Heimat- und Kulturverein trauert um Ernst Scharmacher
Jemgumer prägte das ehrenamtliche Leben mehrere Jahrzehnte
Jemgum |
04. Februar 2026 |
RZ
Der Heimat- und Kulturverein Jemgum trauert um Ernst Scharmacher, der vor Kurzem im Alter von 88 Jahren verstorben ist. Scharmacher war seit der Vereinsgründung im Jahr 1990 das ununterbrochen am längsten amtierende Vorstandsmitglied, wie der Verein mitteilt. Von Beginn an sei er unermüdlich tätig gewesen und habe unter anderem die Vereinsfeste und Verknobelungen gestaltet und organisiert. Außerdem habe er über viele Jahre bei den Kinderbescherungen den Nikolaus gespielt. Auch in anderen Funktionen habe Scharmacher das ehrenamtliche Leben in Jemgum maßgeblich geprägt.
In das Fischerdorf zog der in Leer aufgewachsene Scharmacher im Jahr 1964, wenige Jahre nach seiner Hochzeit mit Annette Middelborg. Zunächst widmete er sich dem Fußballsport, spielte in der ersten Herrenmannschaft des SV „Ems“ und betreute die Alte Herren. Ende der 1960er Jahre trat er dem Männergesangverein „Sängerlust“ bei. Viele Jahre war er Mitglied des Müggenmarktausschusses und verkaufte dort auch selbst Lose an einem Stand des Gesangvereins. 1963 wurde Sohn Stephan geboren, 1967 Tochter Anika.
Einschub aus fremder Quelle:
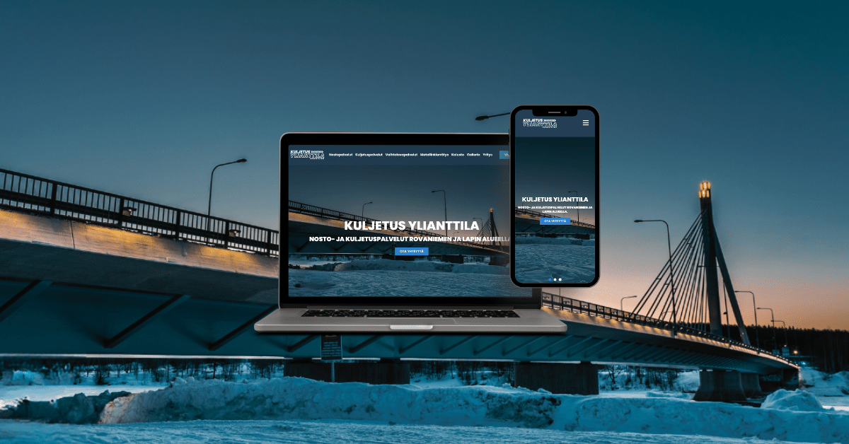 Kuljetus Ylianttila otti meihin yhteyttä ja kertoi tarvitsevansa uudet nykyaikaiset verkkosivut, jotka toimisivat kaikilla laitteilla oikein. Tarvekartoitusta tehdessä kävi ilme, että myös yritysilme ja logo kaipaavat uudistusta. Yritys on vuodesta 1961 toiminut kuljetusliike, joka tarjoaa nosto- ja kuljetuspalveluita Rovaniemellä.
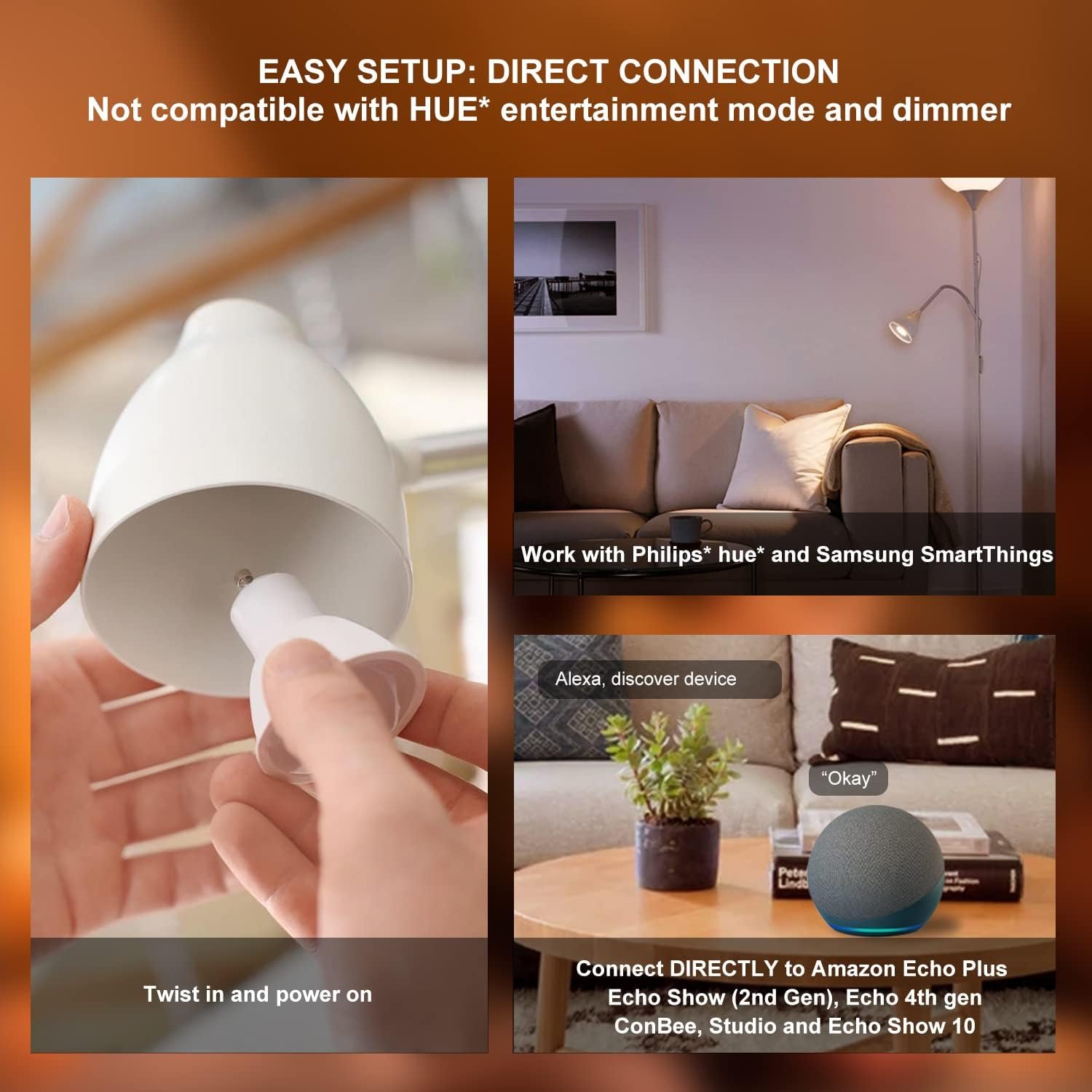 【Important Note】LEDEPLY Zigbee GU10 smart bulbs can be connected DIRECTLY to Amazon Echo Plus, Echo Show (2nd Gen), Echo 4th gen, Studio and Echo Show 10. All other Alexa devices, like the Echo Dot, and Google home, require a Hub. Compatible with ConBee. Not compatible with Apple Homekit or the Hu*e* Entertainment mode.
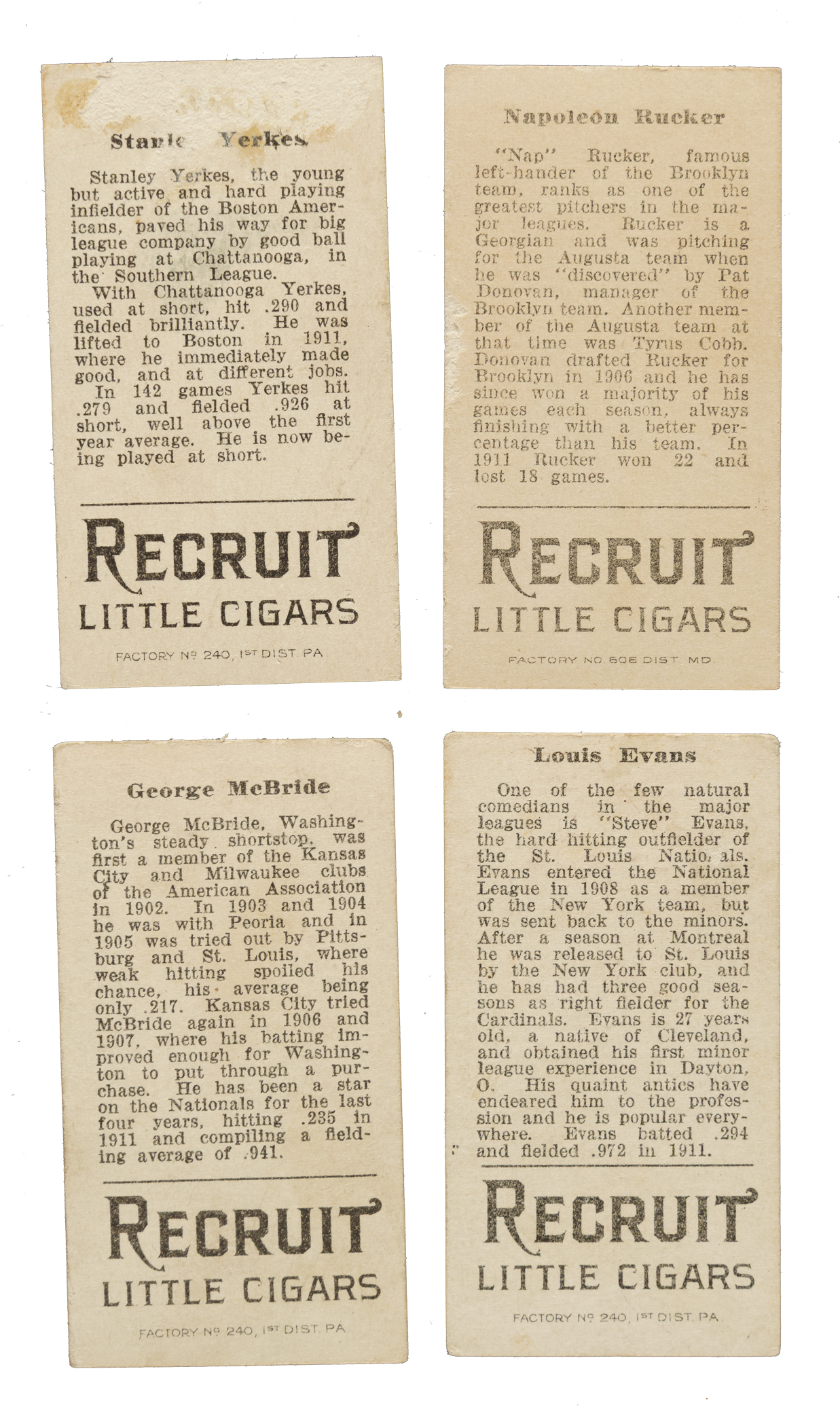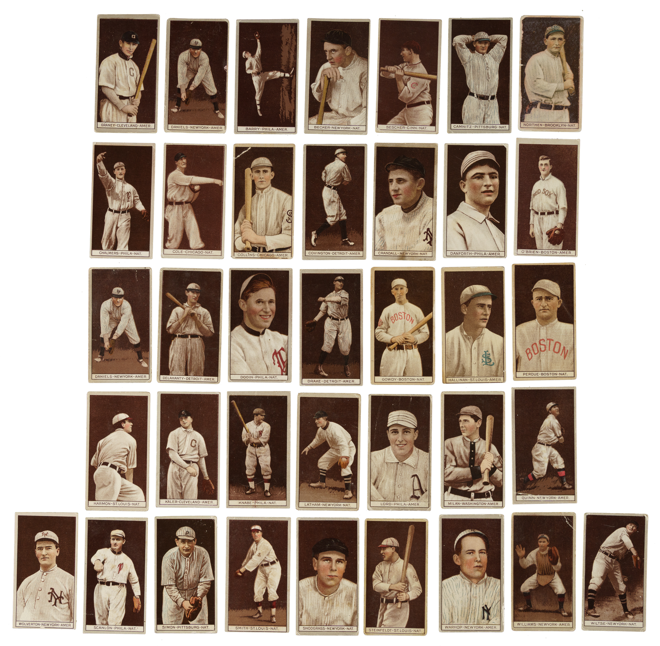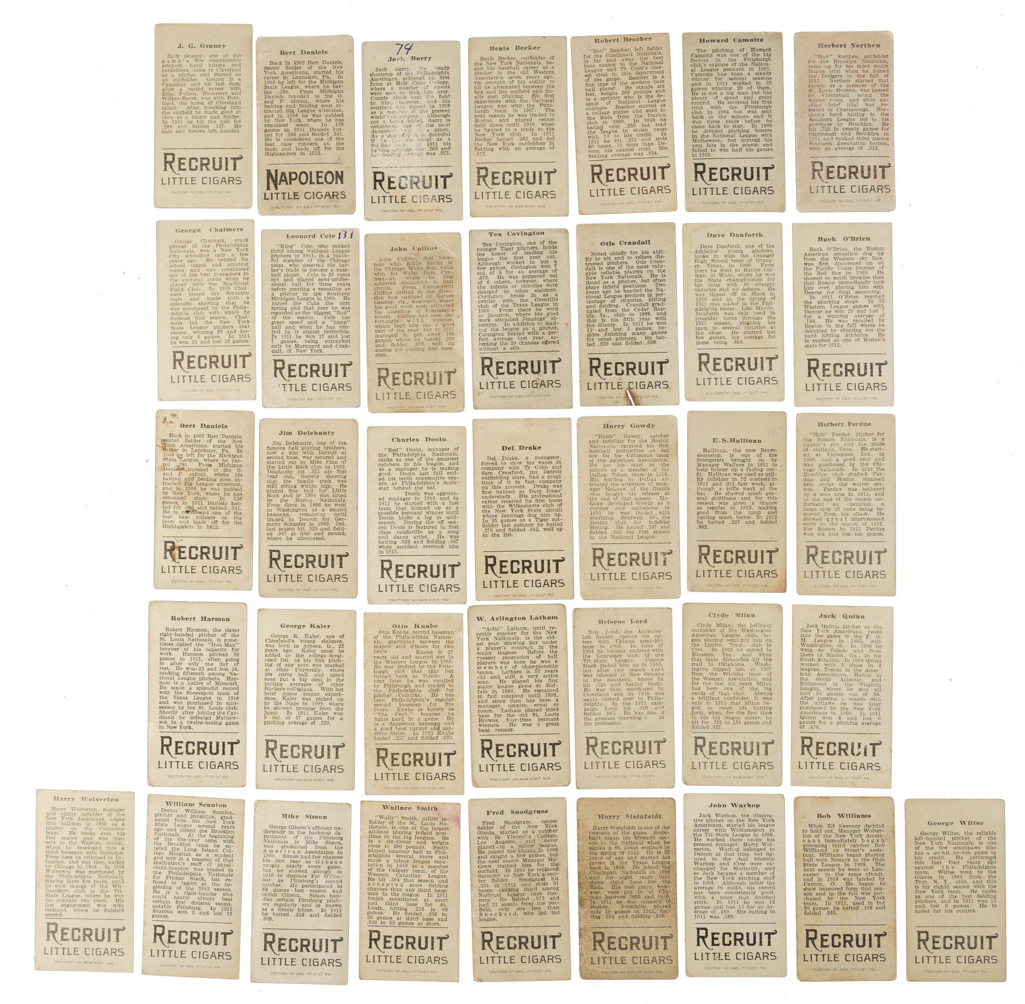 Collection of 40 different T207 Brown Background cards (plus one duplicate), all with a Recruit Little Cigars advertisement except for one Napoleon (as noted). Condition is 68% Gd to Vg and 32% Pr to Fr (including two trimmed). This collection consists of the following: Barry, Becker, Bescher, Camnitz, Chalmers, Cole, Collins, Covington, Crandall, Danforth, Daniels (Recruit back), Daniels (Napoleon back, trimmed, otherwise Fr), Delahanty, Dooin, Drake, Evans, Gowdy, Graney (Vg), Hallinan, Harmon, Kaler, Knabe, Latham, B. Lord, McBride, Milan, Northern, O'Brien, Perdue, Quinn, Rucker, Scanlon, Simon, W. Smith, Snodgrass, Steinfeldt, Warhop, Williams, Wiltse, Wolverton, and Yerkes. This is a very pleasing medium- to lower-graded grouping from the popular T207 Brown Background series. Total: 41 cards.

Ende der 1970er Jahre verließ die Familie das Rheiderland, um auf Borkum erfolgreich ein Einzelhandelsgeschäft zu betreiben. Nach etwa zehn Jahren kehrte sie nach Jemgum zurück.
Dort setzte der gelernte kaufmännische Angestellte seine Tätigkeit als selbständiger Kaufmann fort. Nachdem er von 1975 bis 1978 für die SPD im Gemeinderat tätig gewesen war, trat er der CDU bei und saß für die Jemgumer Christdemokraten von 1991 bis 1996 im Rat. Im Gemeindeverband wurde er zudem zum zweiten Vorsitzenden gewählt. Nachdem seine Tochter Anika im Jahr 1991 Udo Reil geheiratet hatte, gründete Scharmacher gemeinsam mit seinem Schwiegersohn zur Übernahme der Schlachterei Santjer eine offene Handelsgesellschaft, heißt es weiter in der Vereinsmitteilung.
Nicht nur dem Heimat- und Kulturverein werde Ernst Scharmacher mit seinem Rat, seinem Einsatz, seinem Elan und seiner Hilfsbereitschaft noch lange in guter Erinnerung bleiben. In mehr als 60 Jahren habe er einen tiefen Eindruck in der Geschichte des Emsdorfes hinterlassen.